For private Kubernetes clusters
Tailscale enables secure connectivity by establishing direct peer-to-peer connections between machines, even when they are behind firewalls or NAT. It uses WireGuard under the hood, which is a lightweight, fast VPN protocol, to create encrypted tunnels between peers. Tailscale is not a traditional VPN service that routes all traffic through a central server or gateway. Instead, it functions as a network orchestrator, establishing direct, encrypted connections between peers whenever possible. This peer-to-peer design enhances efficiency and significantly reduces costs. We can implement the Tailscale Userspace Networking solution for containers on SaladCloud GPU nodes, as they are not run in privileged mode. This solution utilizes a proxy, enabling local applications on a node to access other nodes via their Tailscale IPs, while also allowing other nodes to reach the node using its Tailscale IP. However, one limitation is that applications on each node cannot access themselves using their own Tailscale IP. This is typically not an issue for most use cases.

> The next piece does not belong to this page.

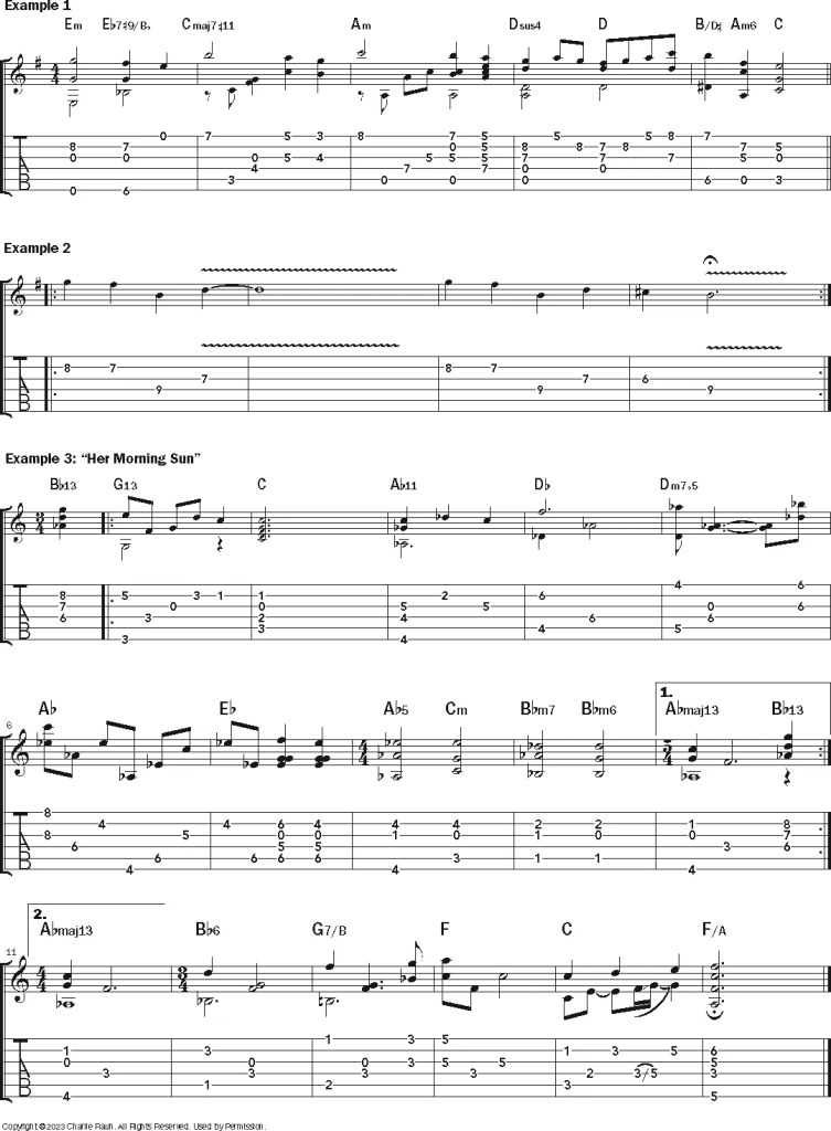 In Example 2, you can hear the linear, single-note melody played twice. Performing exposed and unadorned melodies as a soloist can be a daunting task, which underscores the importance of maintaining a solid foundation. When your notes have a clear origin and a well-defined purpose, you deliver music that feels whole, substantial, and fully realized.

There are several ways to integrate Tailscale with a private Kubernetes cluster, including using a sidecar and subnet router. These methods enable SaladCloud GPU nodes to access pods in the private cluster, as well as other private services (such as self-managed RabbitMQ and Redis instances) within the same Tailscale network. You need to build the container image with Tailscale support and provide the Tailscale authentication key via the Kubernetes deployment, to join the GPU nodes to the specific Tailscale network. We will soon release a guide for deploying Tailscale with SaladCloud.Solution to Scenario 3
In this scenario, client applications within the Kubernetes cluster make straightforward calls to the inference service hosted on the GPU nodes in SaladCloud, either through public or private access. You may still use the Tailscale-based solution as it offers bidirectional network connectivity, but the solution requires some additional effort and doesn’t work out of the box:- When a GPU node is online, it reports its Tailscale IP to the applications.
- The applications maintain a heartbeat to each GPU node to monitor its health.
- Client-side load balancing is used to distribute traffic efficiently.
- Scalable Inference Architecture: Servers should support multi-threading or asynchronous processing with batched inference to handle varying workloads efficiently.
- Back-Pressure Management: Inference servers can proactively reject excessive requests to prevent overload.
- Client-Side Traffic Control: Applications can implement traffic management strategies to pause new user requests during high congestion.